Translate

23 Eylül 2025 Salı

Fransa ve Ermeniler 2

 



Fransa’nın Anadolu’da Yaptığı Katliamları Gizleme Politikası -2

Gürbüz Evren


Fransızların, İskenderun’a asker çıkarmalarının ardından 11 Aralık 1918 tarihinde Dörtyol’u işgal etmeleriyle birlikte, Urfa, Antep, Maraş, Adana, Mersin’i kapsayan, Niğde sınırındaki Pozantı’ya dayanan bir bölgeye uzanan egemenlik girişimleri Ermenileri cesaretlendirmiş ve harekete geçirmişti. Nisan 1921’de imzalanan Ankara Anlaşması’na kadar bölgede kalan Fransız ordusu içindeki Ermenilerin ve yerel Ermenilerin yüzlerce camiyi yakması, binlerce Türk’ü öldürmesi, topraklarından evlerinden sürmesi, mallarına el koyması kayıtlara geçmiştir. Ermenilere ilk tepkiyi, Türklerin kâfir olduğuna inandırılan ve İslam düşmanlarıyla savaşacakları yalanı anlatılan Fransız ordusundaki Cezayirli ve Senegalli Müslüman askerler vermiştir. Yoğun bir Ermeni nüfusunun bulunduğu Kozan (Sis) çevresindeki Türk köylerinin ateşe verildiğini, camilerin yakıldığını gören Cezayirli ve Senegalliler, isyan etmiş, başlarındaki Fransız komutanların emirlerini dinlemeyerek, Ermenilere ateş açmıştır.

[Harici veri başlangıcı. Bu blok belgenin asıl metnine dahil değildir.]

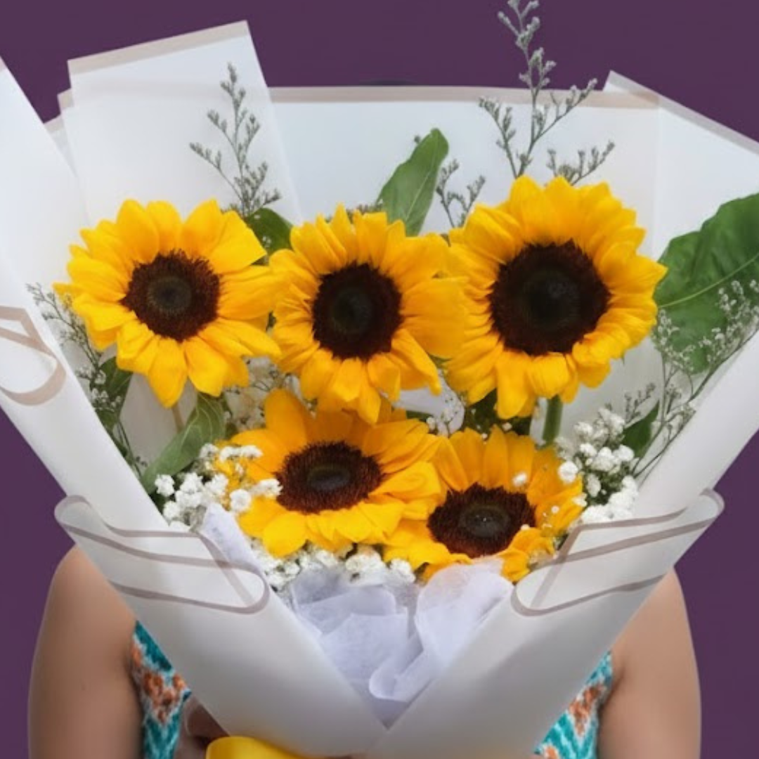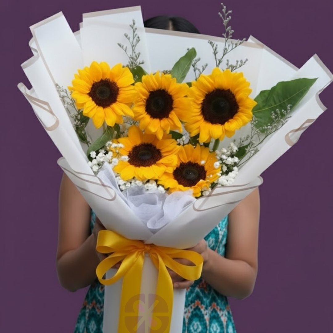 This product is a large, happy, and elegant Floral Hand Bouquet. It holds about 5 bright Sunflowers, which are known for bringing joy and symbolizing adoration. The sunflowers are beautifully framed by light, fluffy white filler flowers (like Baby's Breath) and some green leaves. The whole bouquet is wrapped beautifully in clean White paper with brown or gold line details, tied with a bright Yellow satin ribbon.

Bu konu, Adana’daki Fransız karargâhında görevli Binbaşı Vincent Beaumont tarafından Kara Kuvvetleri Komutanlığı’na rapor edilmiştir. Binbaşı Beaumont, 24 Mart 1919 tarihli ve 27/231 sayılı raporunda, 

“3 Mart’ta Kozan yakınındaki 4 Türk köyüne yerel Ermeni güçlerin yaptığı baskında, çoğunluğu kadın ve çocuk 197 Türk öldürülmüştür. Katliamdan kaçan Türklerin bölgedeki Fransız müfrezelerinden yardım istemeleri üzerine Teğmen Louis Durant komutasındaki bir birlik baskına uğrayan köylere gitmiştir. Çamlıca köyüne girildiğinde Ermenilerin camiyi ateşe verdiğini gören Cezayir ve Senegalli Müslüman askerler çok sinirlenerek duruma müdahale etmiştir. Ermenilerin karşılık vermesi üzerine ise Müslüman askerler ateş açarak 8’ini öldürmüştür. Aynı Fransız birliğinde görevli 6 Ermeni asker ise Teğmen Durant’ın tüm çabalarına rağmen Müslüman askerlere ateş açmıştır. Kısa süreli bir çatışma yaşanmış ve Müslüman askerlerin sayıca üstün olması nedeniyle Ermeniler geri çekilmiştir. Birlik komutanı Ermenilerin bölge halkına yaptığı baskı ve zulümden sürekli şikâyetçidir” demektedir. 

Bu olaydan sonra, Adana’nın, Mersin’in ve Hatay’ın değişik bölgelerinden benzeri haberler gelince Adana’da bulunan 1. Fransız Tümeni karargâhından bir müfettiş görevlendirilir. Daha önce Beyrut’ta görev yapmış Yüzbaşı Denis Leroy, Fransız işgal bölgesindeki olayları mercek altına alır. Ermenilerin saldırılar düzenlediği, katliamlar yaptığı yerleşim birimlerini ziyaret eder. Aynı yılın Aralık ayında raporunu yazmaya başlayan Yüzbaşı gördükleri karşısında dehşete düşmüştür. Ocak 1920’de yazmaya başladığı raporunu 4 Şubat’ta tamamlayarak, Kara Kuvvetleri, Sömürgecilik Bakanlığı ve Dışişleri Bakanlığı’na gönderir. Yüzbaşı Leroy, 7 Şubat 1920 tarihli 33/489 sayılı raporunda öncelikle 5 madde sıralamıştır;


“1) Cezayir ve Senegalli Müslüman askerler, bölge halkının dinsiz kâfirler değil de Müslüman Türkler olduğunu anladıktan sonra işimiz çok zorlaştı.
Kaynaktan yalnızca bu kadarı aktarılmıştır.